Please reproduce exactly, and only, the line containing "Жилет утепленный на" and every line after it to the end of the records below, leaving out all pictures.

···

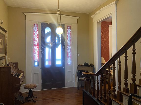 This Italianate style home built by Thomas Gibbs was built many years ago than an addition was added in the 60's. The 12' ceilings in the older part of house along with a remarkable winding stairway, several gorgeous fireplaces, living room, long windows & doors, nice trim and woodwork, true hardwood floors all completes the remarkable craftsmanship of he talented builder long ago and will certainly take you back in time with all it's beauty. The newer section of the house has a formal dining rm and a breakfast room plus a bar area in the kitchen allows plenty of room to enjoy meals. A nice large bathroom with double vanities, standup shower and a whirlpool tub plus a half bath in the laundry rm. Geothermal heat and central air on first floors and just added central heat and air second floor. Front porch and rear porch. Beautiful setting on 3.40 acres, white fencing, mature trees, blacktop driveway, one car attached garage, detached garage, old cistern (on city water now) unfinished basement, storage buildings plus a log cabin (in need of repair) gives plenty of storage options.Several fenced areas for farm animals and garden spots, property is backed up to a large farm owned by n
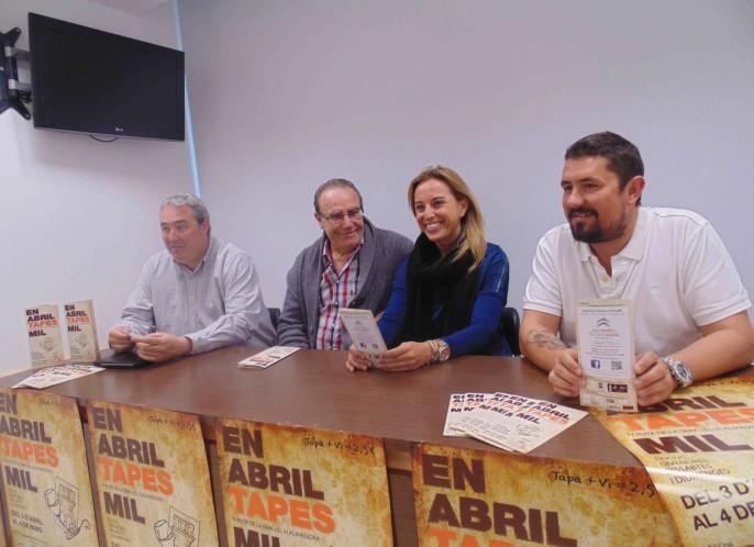 Nuria Felip, regidora de Comercio en el Ayuntamiento de Almassora, ha presentado esta mañana los trípticos del itinerario gastronómico acompañada por el patrocinador de la ruta, Ramón Queral, 'Mon', el organizador de la cita, Félix Tejeda, además de Fernando Gil, representante de Quesos de Almassora. “Desde la semana que viene y hasta el 4 de mayo, la Ruta de la Tapa i el Vi nos permitirá saborear los mejores bocados en los establecimientos adheridos a la convocatoria”, ha comentado la edil.
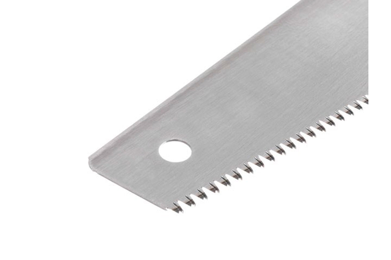 Ножовка по дереву изготовлена из высококачественной стали твердостью 55 HRC. Длина рабочей поверхности - 400 мм. Каленые зубья (11 зубьев x 1 дюйм) особой формы с тройной заточкой обеспечивают быстрый рез в обе стороны - как вперед, так и на себя. Ножовка оснащена удобной рукояткой из высокопрочного пластика с накладками из термопластичной резины. Форма рукоятки позволяет откладывать углы 45° и 90°. Отлично подойдет для поперечного распила досок и брусков, материалов из фанеры, ДВП, ДСП, плинтусов, наличников и пр. Применение: для дерева; Количество зубьев: 11x1"; Твердость по шкале Роквелла: 55 HRC; Материал рукоятки: высокопрочный пластик с резиновыми накладками
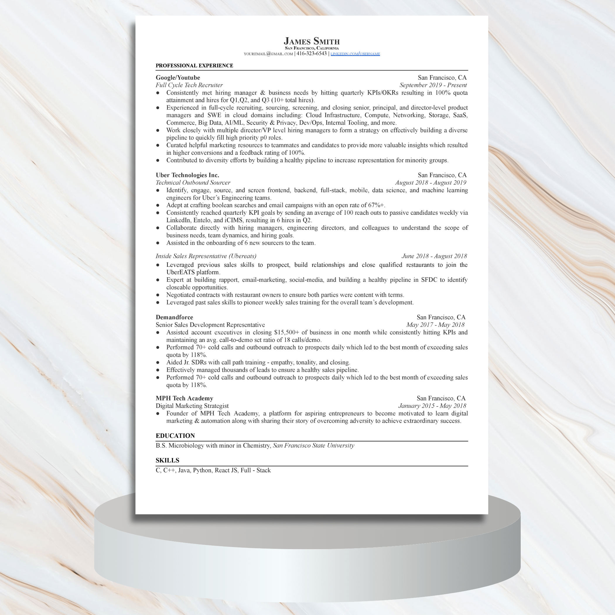 Resume for Experienced #1 – ATS Friendly – Professional Modern CV Template – Compatible for Docs, Word, Pages
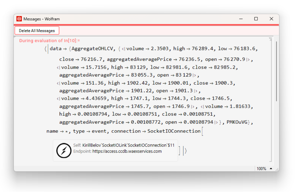 Wolfram Language client to Wolfram Cryptocurrency Database.
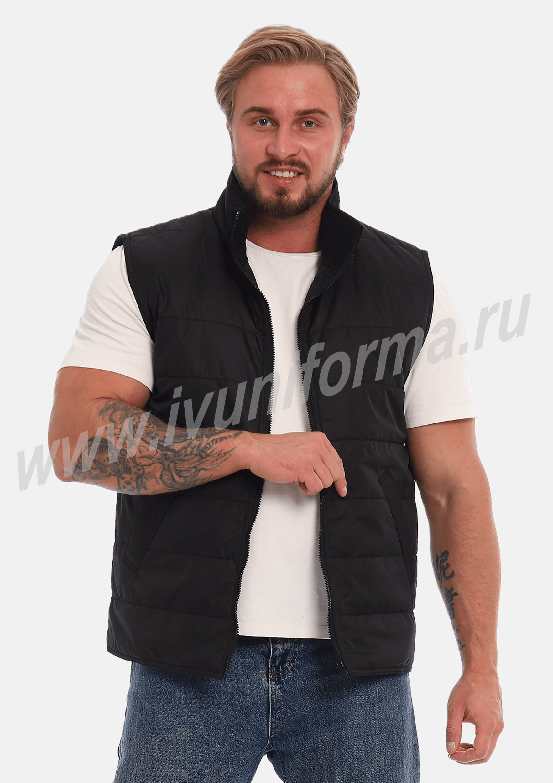 Жилет утепленный на молнии с двумя боковыми карманами в нижней части. Внутренняя часть жилета выполнена из ткани флис. В качестве утеплителя используется синтепон. Жилет является универсальным для использования как мужчинам, так и женщинам.
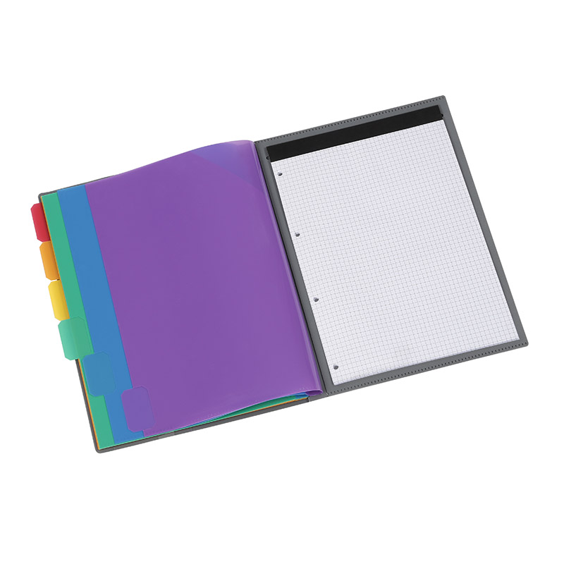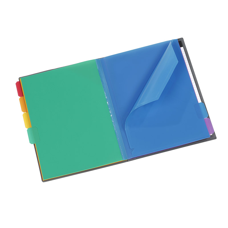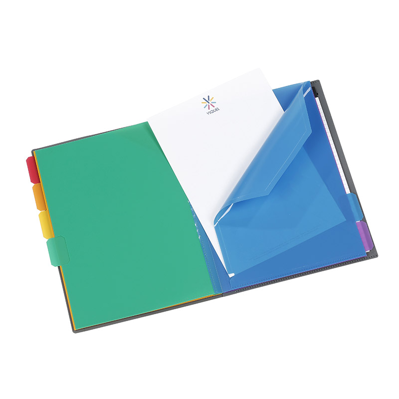 Il possède un grand porte-étiquette avec numérotation et 6 pochettes de rangement avec des onglets.
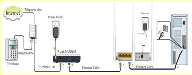 one of the LAN ports of the router by a cable.
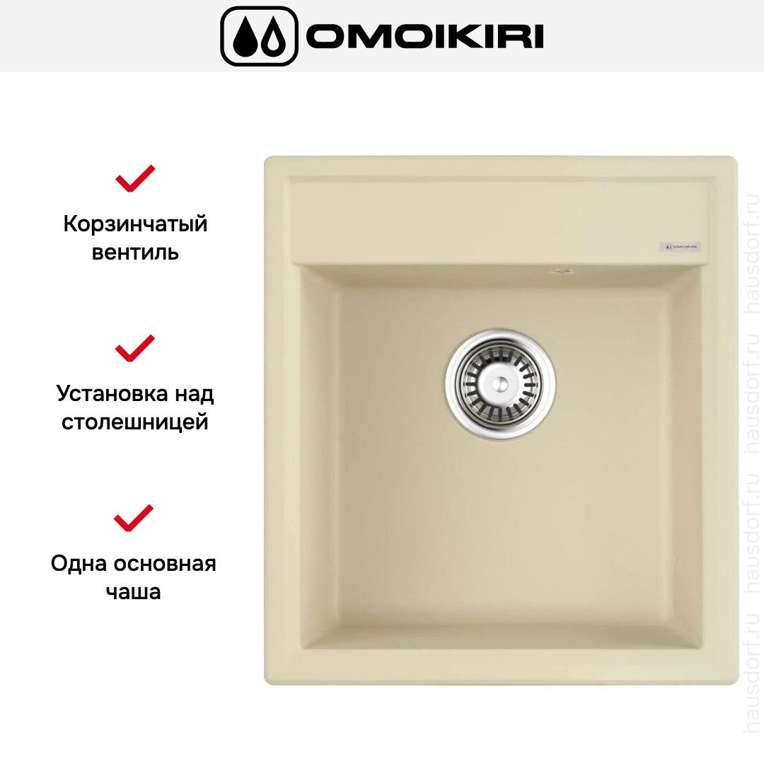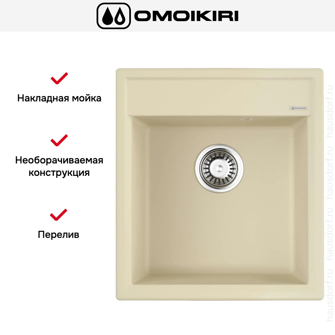 Мойка Omoikiri Daisen 46 BE представлена в лаконичном и современном исполнении, выполнена в мягком ванильном тоне и идеально подходит для тех, кто ценит стиль и практичность. Накладной квадратный дизайн с габаритами 46×51 см экономит место и в то же время визуально расширяет рабочую зону. Плоские края создают аккуратный переход к столешнице, а ровная цветовая гамма легко сочетается с разными материалами отделки.

···

• TASK RESPONSE:
 Жилет утепленный на молнии с двумя боковыми карманами в нижней части. Внутренняя часть жилета выполнена из ткани флис. В качестве утеплителя используется синтепон. Жилет является универсальным для использования как мужчинам, так и женщинам.
 Il possède un grand porte-étiquette avec numérotation et 6 pochettes de rangement avec des onglets.
 one of the LAN ports of the router by a cable.
 Мойка Omoikiri Daisen 46 BE представлена в лаконичном и современном исполнении, выполнена в мягком ванильном тоне и идеально подходит для тех, кто ценит стиль и практичность. Накладной квадратный дизайн с габаритами 46×51 см экономит место и в то же время визуально расширяет рабочую зону. Плоские края создают аккуратный переход к столешнице, а ровная цветовая гамма легко сочетается с разными материалами отделки.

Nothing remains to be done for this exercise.